# PROVIDED DATA
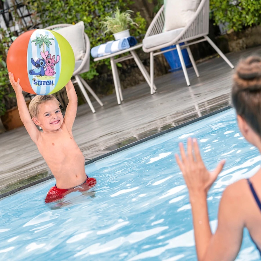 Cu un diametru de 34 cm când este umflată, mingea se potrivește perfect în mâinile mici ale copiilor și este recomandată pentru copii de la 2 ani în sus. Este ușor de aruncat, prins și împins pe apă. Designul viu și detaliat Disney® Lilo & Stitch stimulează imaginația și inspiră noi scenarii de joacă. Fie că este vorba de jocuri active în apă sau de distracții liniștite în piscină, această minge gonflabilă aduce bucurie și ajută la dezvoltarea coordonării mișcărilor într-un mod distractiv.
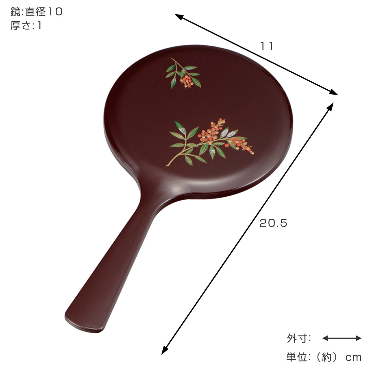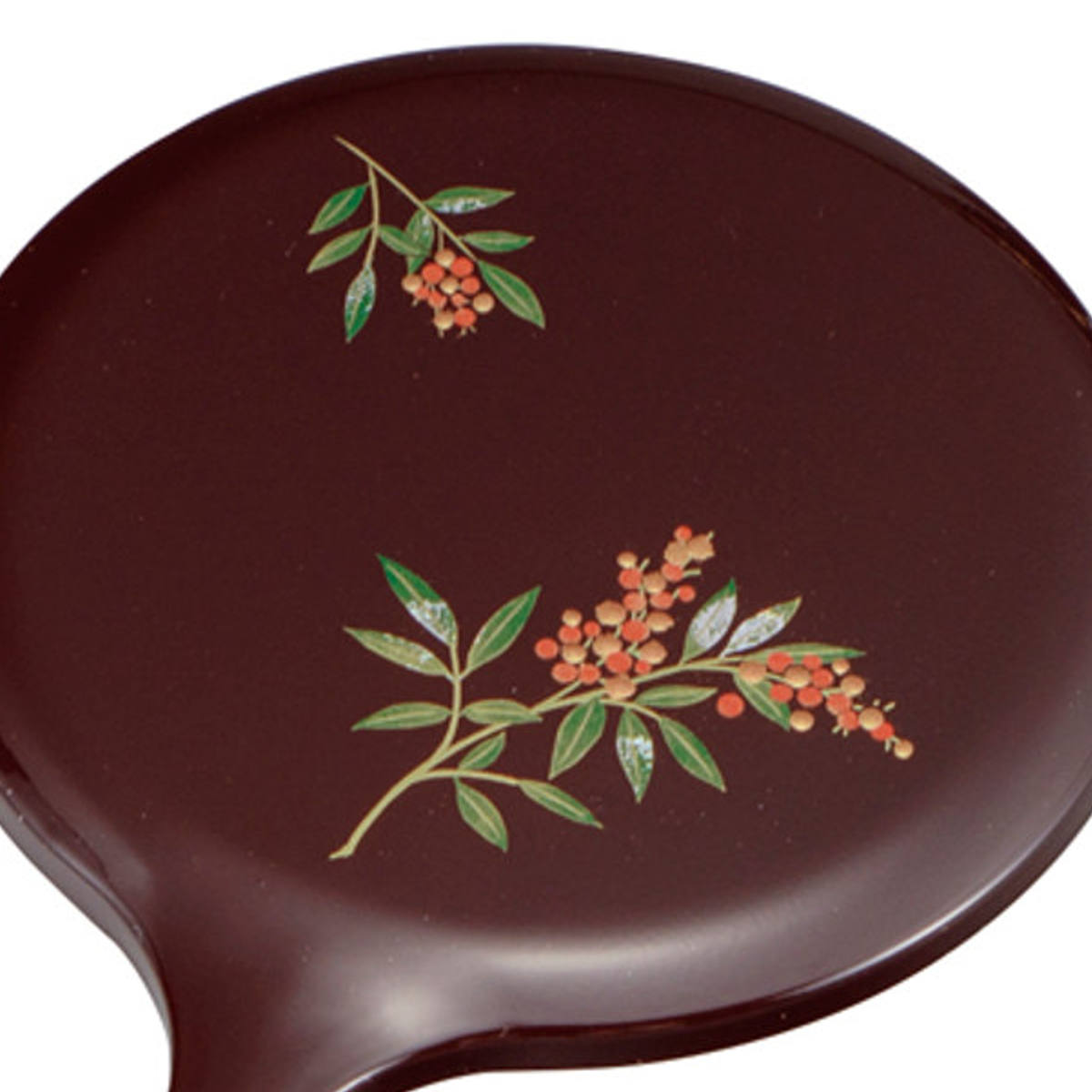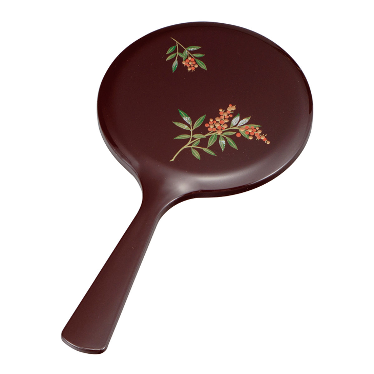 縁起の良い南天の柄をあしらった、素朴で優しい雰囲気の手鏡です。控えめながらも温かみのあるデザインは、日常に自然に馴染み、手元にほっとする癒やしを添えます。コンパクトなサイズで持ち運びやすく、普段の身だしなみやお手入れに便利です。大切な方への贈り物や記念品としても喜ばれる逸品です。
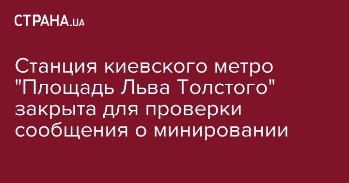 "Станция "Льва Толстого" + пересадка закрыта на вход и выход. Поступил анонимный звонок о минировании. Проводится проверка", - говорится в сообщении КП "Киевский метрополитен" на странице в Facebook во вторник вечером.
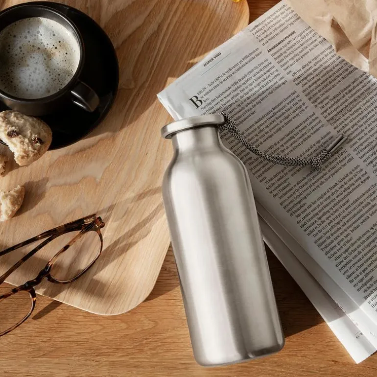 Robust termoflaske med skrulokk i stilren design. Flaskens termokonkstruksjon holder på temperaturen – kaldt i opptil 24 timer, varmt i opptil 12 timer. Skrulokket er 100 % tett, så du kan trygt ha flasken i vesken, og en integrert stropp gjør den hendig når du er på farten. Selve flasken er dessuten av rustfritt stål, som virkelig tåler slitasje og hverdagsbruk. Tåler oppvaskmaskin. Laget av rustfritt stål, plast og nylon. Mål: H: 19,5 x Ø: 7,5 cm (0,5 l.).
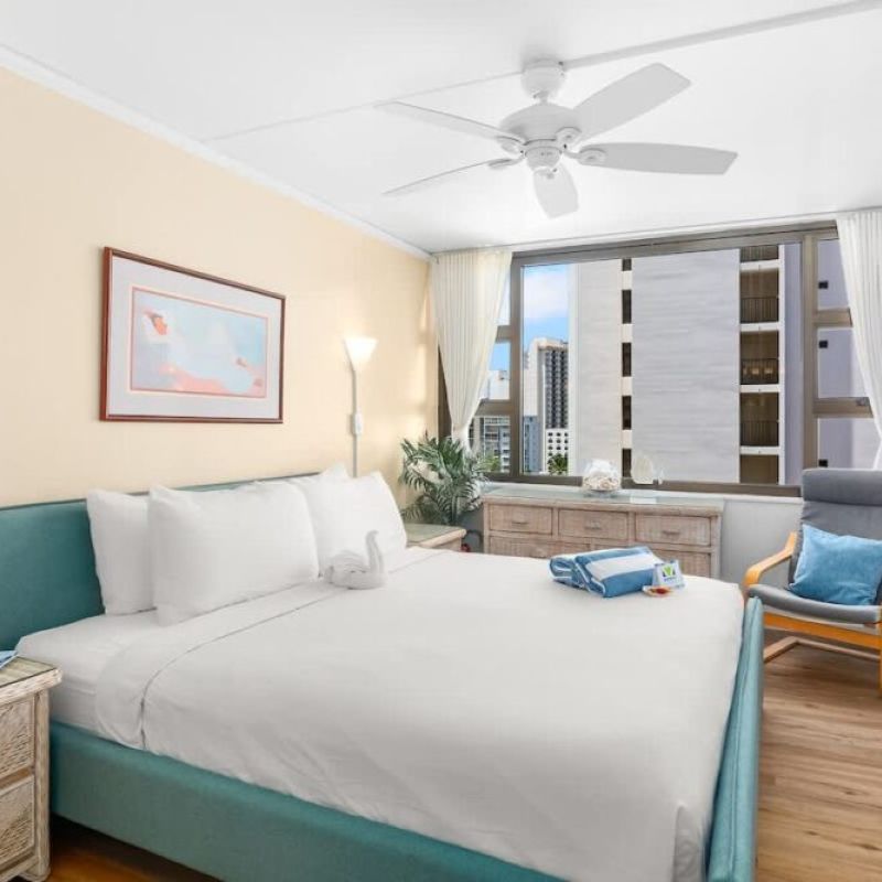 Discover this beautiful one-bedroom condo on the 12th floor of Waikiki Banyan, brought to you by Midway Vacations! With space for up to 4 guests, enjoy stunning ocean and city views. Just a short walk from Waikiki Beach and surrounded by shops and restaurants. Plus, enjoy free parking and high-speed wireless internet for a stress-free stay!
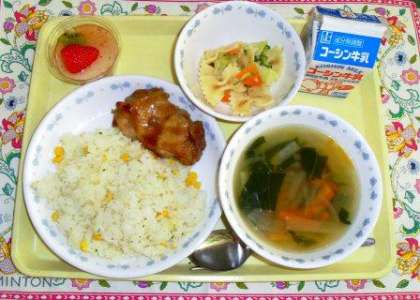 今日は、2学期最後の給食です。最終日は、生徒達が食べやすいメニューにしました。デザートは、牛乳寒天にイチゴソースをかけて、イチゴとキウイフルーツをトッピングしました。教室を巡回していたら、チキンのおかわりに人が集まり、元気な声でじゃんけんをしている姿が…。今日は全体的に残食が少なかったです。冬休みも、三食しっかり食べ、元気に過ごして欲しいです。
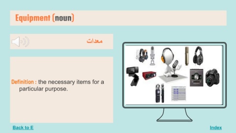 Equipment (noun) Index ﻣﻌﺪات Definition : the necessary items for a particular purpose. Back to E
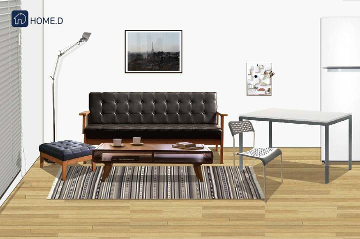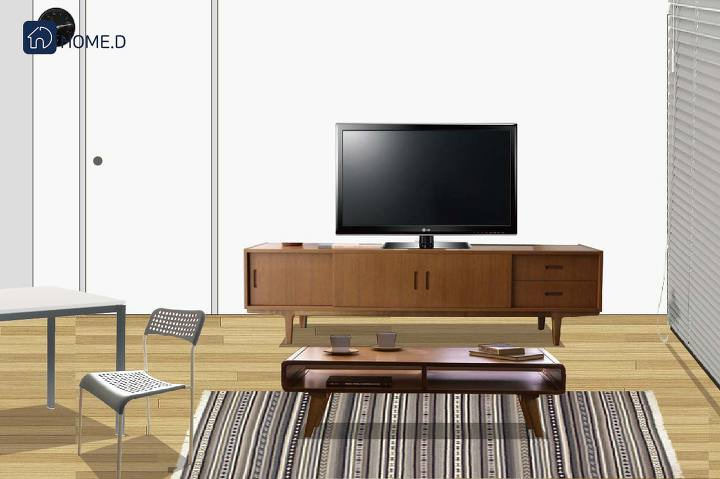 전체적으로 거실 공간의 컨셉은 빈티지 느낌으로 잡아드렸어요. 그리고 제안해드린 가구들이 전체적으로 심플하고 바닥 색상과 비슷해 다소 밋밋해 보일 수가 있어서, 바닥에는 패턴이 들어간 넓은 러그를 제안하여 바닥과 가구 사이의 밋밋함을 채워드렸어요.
* * *
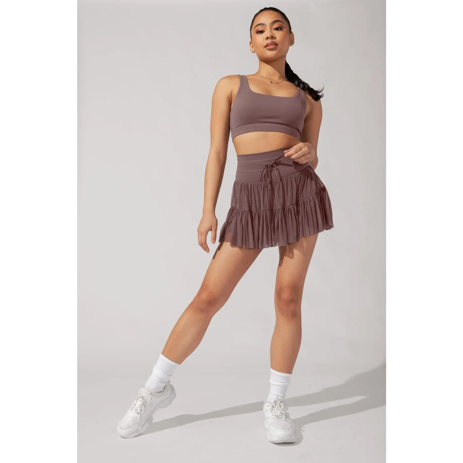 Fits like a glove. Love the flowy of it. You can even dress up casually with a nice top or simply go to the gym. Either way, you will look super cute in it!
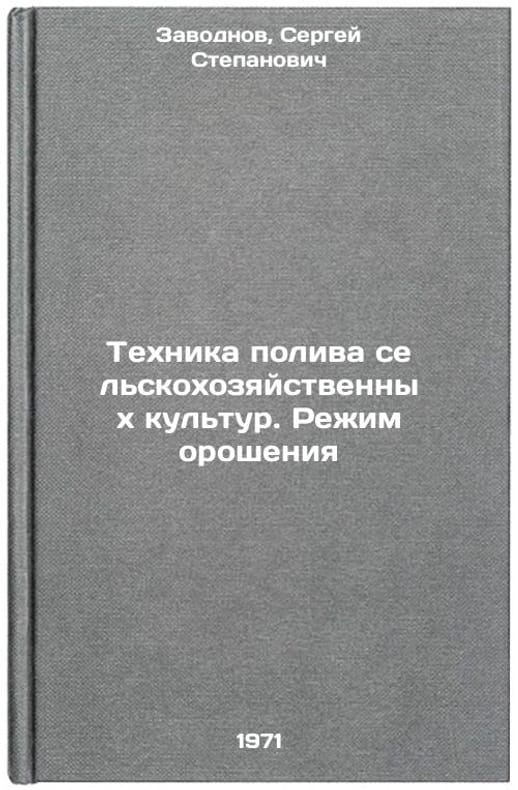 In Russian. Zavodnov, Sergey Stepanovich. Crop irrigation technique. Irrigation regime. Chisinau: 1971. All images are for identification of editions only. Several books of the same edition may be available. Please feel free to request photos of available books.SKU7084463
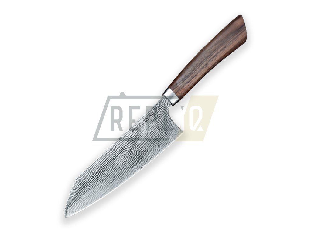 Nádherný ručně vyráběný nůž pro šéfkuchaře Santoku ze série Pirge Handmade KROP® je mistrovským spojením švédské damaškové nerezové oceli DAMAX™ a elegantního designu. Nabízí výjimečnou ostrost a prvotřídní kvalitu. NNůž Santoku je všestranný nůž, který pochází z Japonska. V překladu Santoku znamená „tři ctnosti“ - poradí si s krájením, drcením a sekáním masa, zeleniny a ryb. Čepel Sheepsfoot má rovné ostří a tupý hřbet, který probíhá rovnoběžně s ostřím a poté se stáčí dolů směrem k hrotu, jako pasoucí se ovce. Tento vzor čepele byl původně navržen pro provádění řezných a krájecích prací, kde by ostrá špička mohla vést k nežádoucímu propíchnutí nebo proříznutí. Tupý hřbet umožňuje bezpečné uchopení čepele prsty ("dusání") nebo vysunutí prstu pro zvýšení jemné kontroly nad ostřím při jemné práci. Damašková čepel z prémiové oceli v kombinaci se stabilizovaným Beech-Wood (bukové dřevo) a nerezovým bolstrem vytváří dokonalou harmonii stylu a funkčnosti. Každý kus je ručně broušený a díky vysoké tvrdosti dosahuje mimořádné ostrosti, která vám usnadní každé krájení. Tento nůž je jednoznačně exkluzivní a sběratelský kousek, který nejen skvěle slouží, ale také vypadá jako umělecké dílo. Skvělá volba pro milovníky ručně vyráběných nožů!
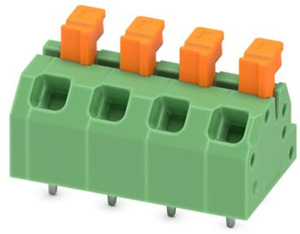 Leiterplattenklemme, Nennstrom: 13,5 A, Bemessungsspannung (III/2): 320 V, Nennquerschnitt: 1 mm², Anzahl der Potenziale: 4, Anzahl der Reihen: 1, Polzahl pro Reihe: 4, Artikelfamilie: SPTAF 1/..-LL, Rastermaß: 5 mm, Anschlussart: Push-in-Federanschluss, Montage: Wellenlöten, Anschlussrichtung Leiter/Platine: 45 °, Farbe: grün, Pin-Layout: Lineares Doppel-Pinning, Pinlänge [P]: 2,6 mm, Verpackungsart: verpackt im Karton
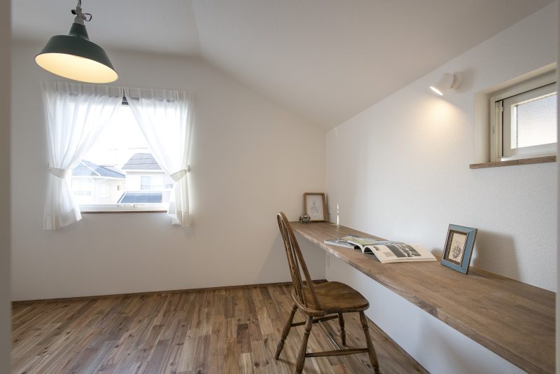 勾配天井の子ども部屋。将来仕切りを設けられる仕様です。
* * *
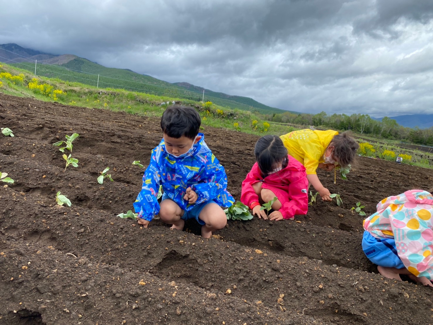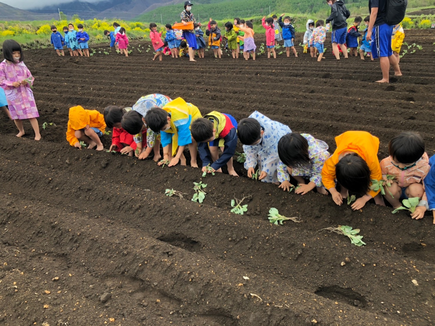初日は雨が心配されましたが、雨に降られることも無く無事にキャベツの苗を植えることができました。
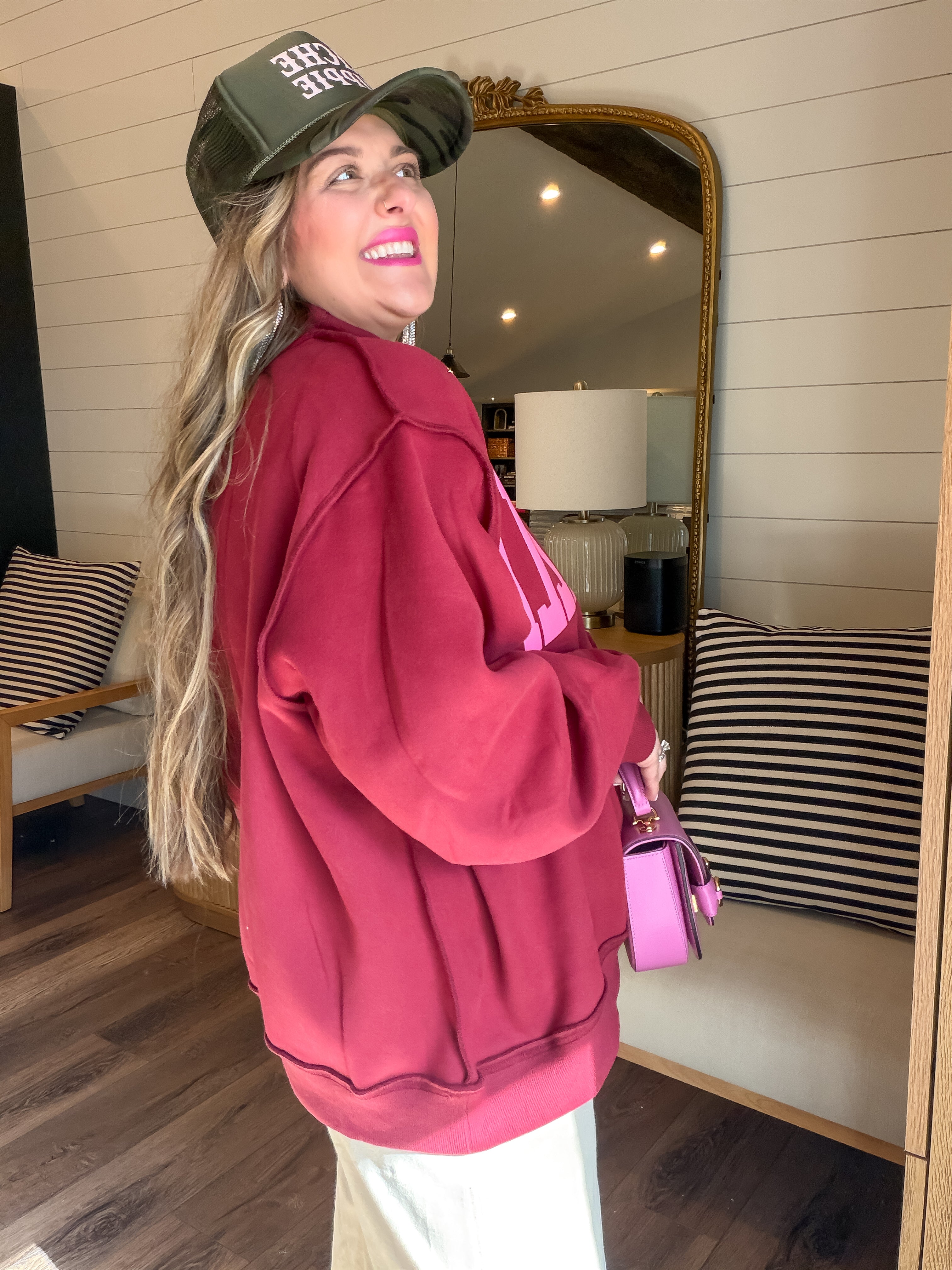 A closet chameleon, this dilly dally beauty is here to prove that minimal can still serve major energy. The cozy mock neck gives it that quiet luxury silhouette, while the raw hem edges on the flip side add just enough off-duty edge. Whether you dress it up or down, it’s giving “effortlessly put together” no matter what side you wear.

# YOUR TASK
From the material above, give again exactly the lines from the one that contains "Robust termoflaske med" through the one that contains "전체적으로 거실 공간의", and leave out the pictures.

# ANSWER BOX
 Robust termoflaske med skrulokk i stilren design. Flaskens termokonkstruksjon holder på temperaturen – kaldt i opptil 24 timer, varmt i opptil 12 timer. Skrulokket er 100 % tett, så du kan trygt ha flasken i vesken, og en integrert stropp gjør den hendig når du er på farten. Selve flasken er dessuten av rustfritt stål, som virkelig tåler slitasje og hverdagsbruk. Tåler oppvaskmaskin. Laget av rustfritt stål, plast og nylon. Mål: H: 19,5 x Ø: 7,5 cm (0,5 l.).
 Discover this beautiful one-bedroom condo on the 12th floor of Waikiki Banyan, brought to you by Midway Vacations! With space for up to 4 guests, enjoy stunning ocean and city views. Just a short walk from Waikiki Beach and surrounded by shops and restaurants. Plus, enjoy free parking and high-speed wireless internet for a stress-free stay!
 今日は、2学期最後の給食です。最終日は、生徒達が食べやすいメニューにしました。デザートは、牛乳寒天にイチゴソースをかけて、イチゴとキウイフルーツをトッピングしました。教室を巡回していたら、チキンのおかわりに人が集まり、元気な声でじゃんけんをしている姿が…。今日は全体的に残食が少なかったです。冬休みも、三食しっかり食べ、元気に過ごして欲しいです。
 Equipment (noun) Index ﻣﻌﺪات Definition : the necessary items for a particular purpose. Back to E
 전체적으로 거실 공간의 컨셉은 빈티지 느낌으로 잡아드렸어요. 그리고 제안해드린 가구들이 전체적으로 심플하고 바닥 색상과 비슷해 다소 밋밋해 보일 수가 있어서, 바닥에는 패턴이 들어간 넓은 러그를 제안하여 바닥과 가구 사이의 밋밋함을 채워드렸어요.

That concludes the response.